- [GIVEN ENTRIES]:
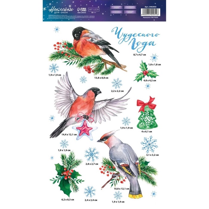 Наклейки на окна многоразовые «С Новым годом», снегири, 20×34 см
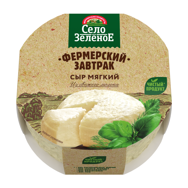 Сыр мягкий Фермерский завтрак массовая доля жира в сухом веществе 45%. Состав: молоко пастеризованное, сыворотка молочная деминерализованная сгущенная, соль, регулятор кислотности – молочная кислота. Пищевая и энергетическая ценность в 100г: белки 16,5г, жиры 18г, 228ккал. Хранить при температуре от +2оС до +6оС и относительной влажности воздуха от 80% до 85% включительно 120 суток. После вскрытия хранить при температуре от +2оС до +6оС не более 5 суток в пределах срока годности.
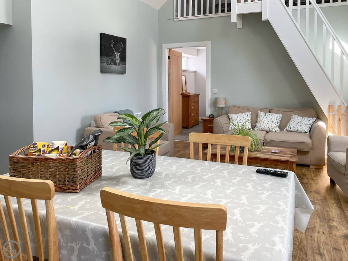 It’s open plan downstairs, so kitchen, living and dining are all in one big room. It works well. You get all the usual stuff: washing machine, dishwasher, WiFi, TV. Bedding and towels are included. You can bring one dog. There's parking right outside.
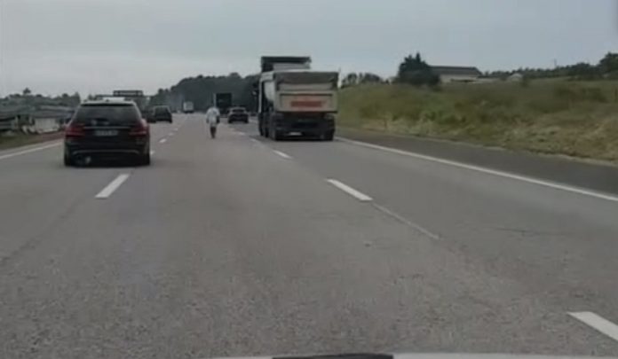 O homem seguia no meio das três faixas, colocando a sua própria vida em risco. Não aconteceu um verdadeiro desastre porque um dos condutores ajudou a servir de barreira.
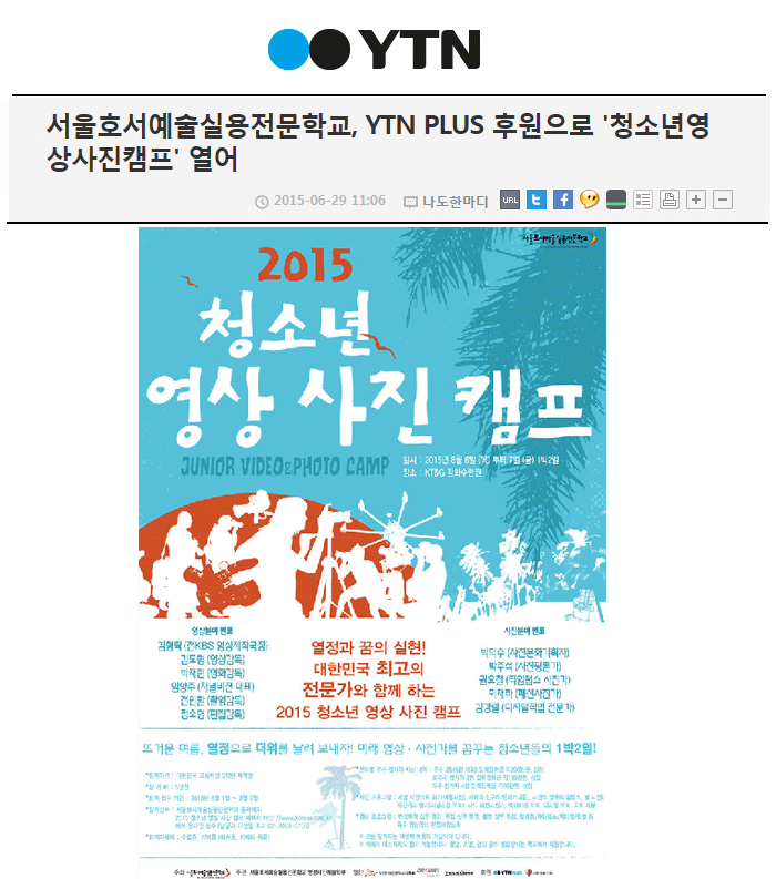 서울호서예술실용전문학교가 YTN PLUS와 서울필름스쿨 후원으로 '2015 청소년영상캠프'를 연다.
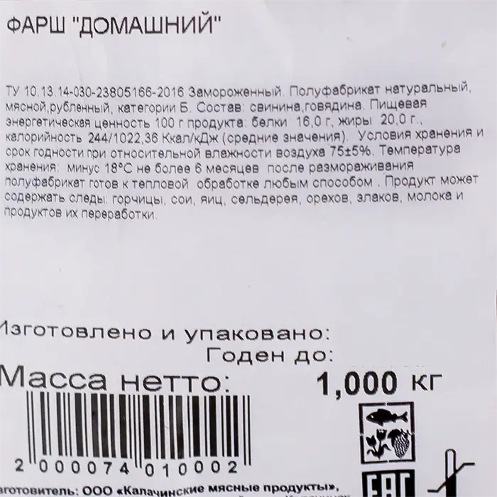Фарш домашний «Калачинские мясные продукты», 1 кг
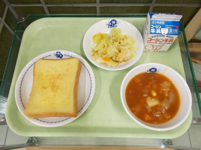 サラダには、東京都産のキャベツを使用しました。やわらかく、甘味を感じられるキャベツで、レモンとしょうゆのドレッシングとの相性もばっちりでした。児童に人気のサラダです。
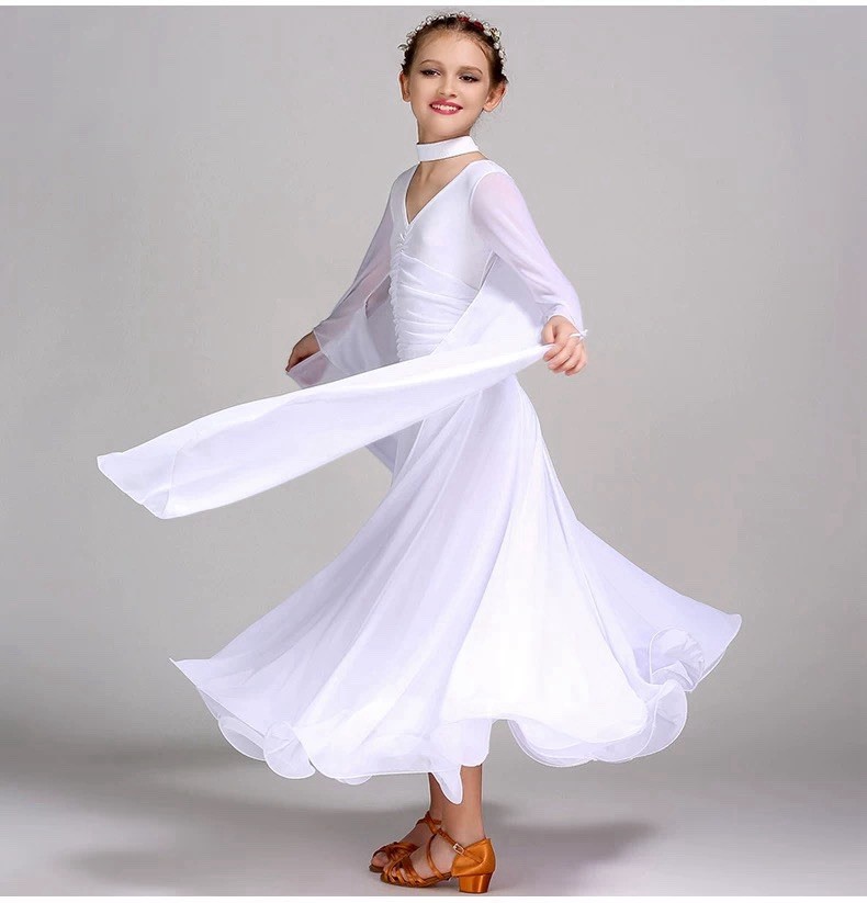 Girls Long-Sleeve Ballroom Dance Dress, Waltz / Standard Dance Costume
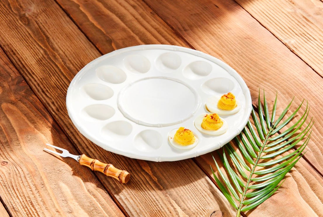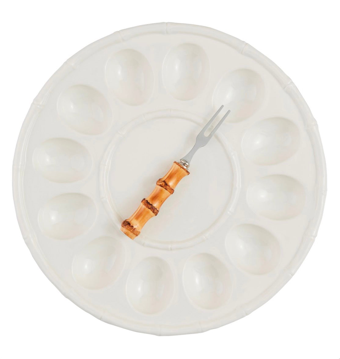 2-piece set. Stoneware deviled egg tray with bamboo textured detail. Comes with stainless steel fork with bamboo wood handle.
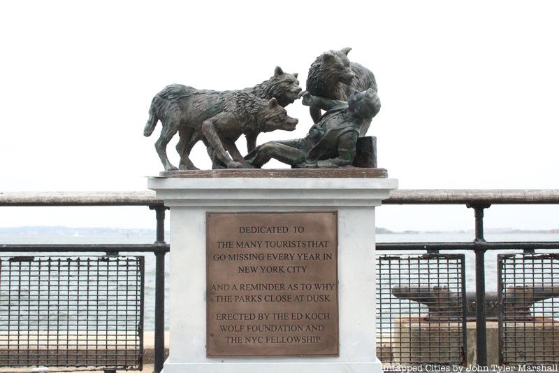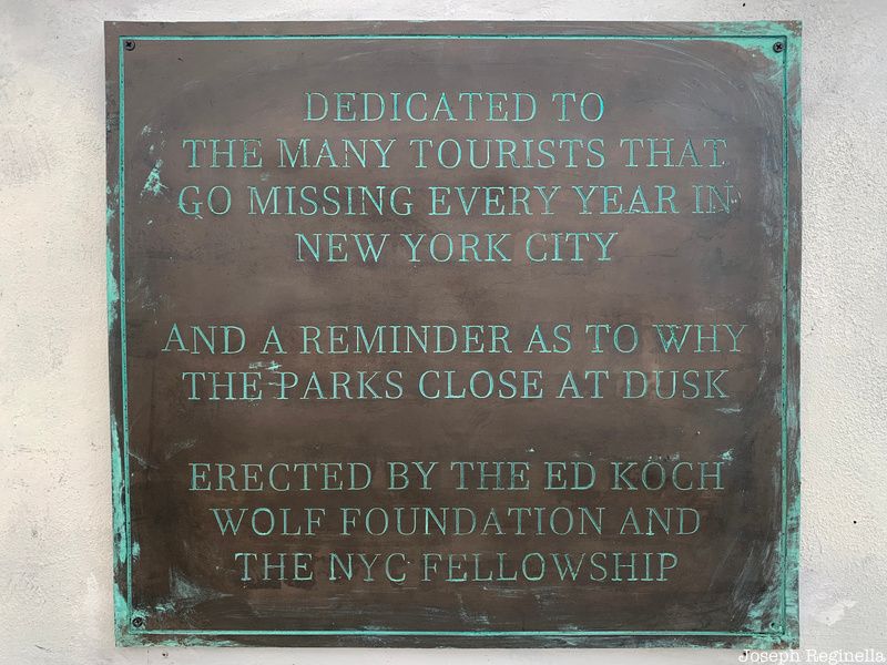 The plaque reads: “Dedicated to the many tourists that go missing every year in New York City. And a reminder as to why the parks close at dusk. Erected by the Ed Koch Wolf Foundation and the NYC Fellowship.”
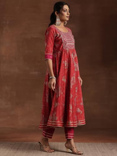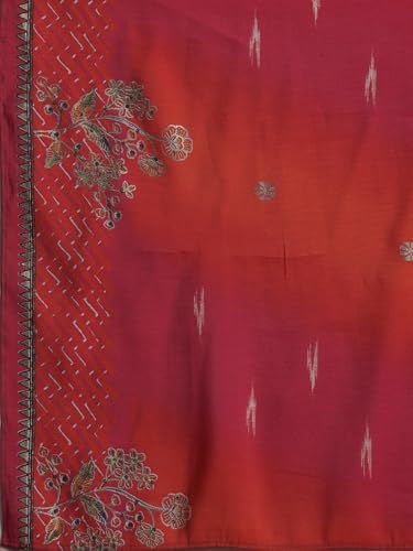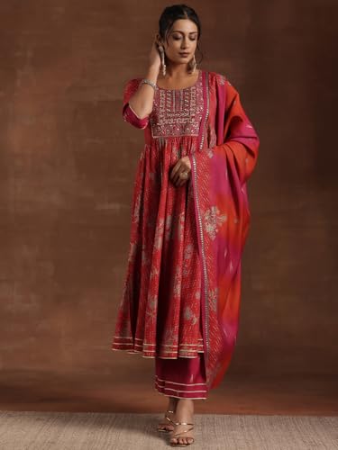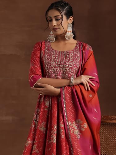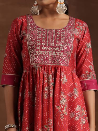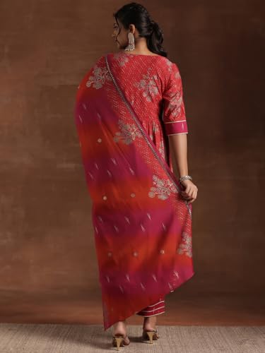 Libas Maroon Yoke Design Silk Blend Straight Kurta With Palazzos & Dupatta

- [WHAT THE TASK ASKS]:
The line containing "Сыр мягкий Фермерский" marks the end: transcribe every line from the start of the listing up to and including it, minus the pictures.

- [PROBLEM SOLUTION]:
 Наклейки на окна многоразовые «С Новым годом», снегири, 20×34 см
 Сыр мягкий Фермерский завтрак массовая доля жира в сухом веществе 45%. Состав: молоко пастеризованное, сыворотка молочная деминерализованная сгущенная, соль, регулятор кислотности – молочная кислота. Пищевая и энергетическая ценность в 100г: белки 16,5г, жиры 18г, 228ккал. Хранить при температуре от +2оС до +6оС и относительной влажности воздуха от 80% до 85% включительно 120 суток. После вскрытия хранить при температуре от +2оС до +6оС не более 5 суток в пределах срока годности.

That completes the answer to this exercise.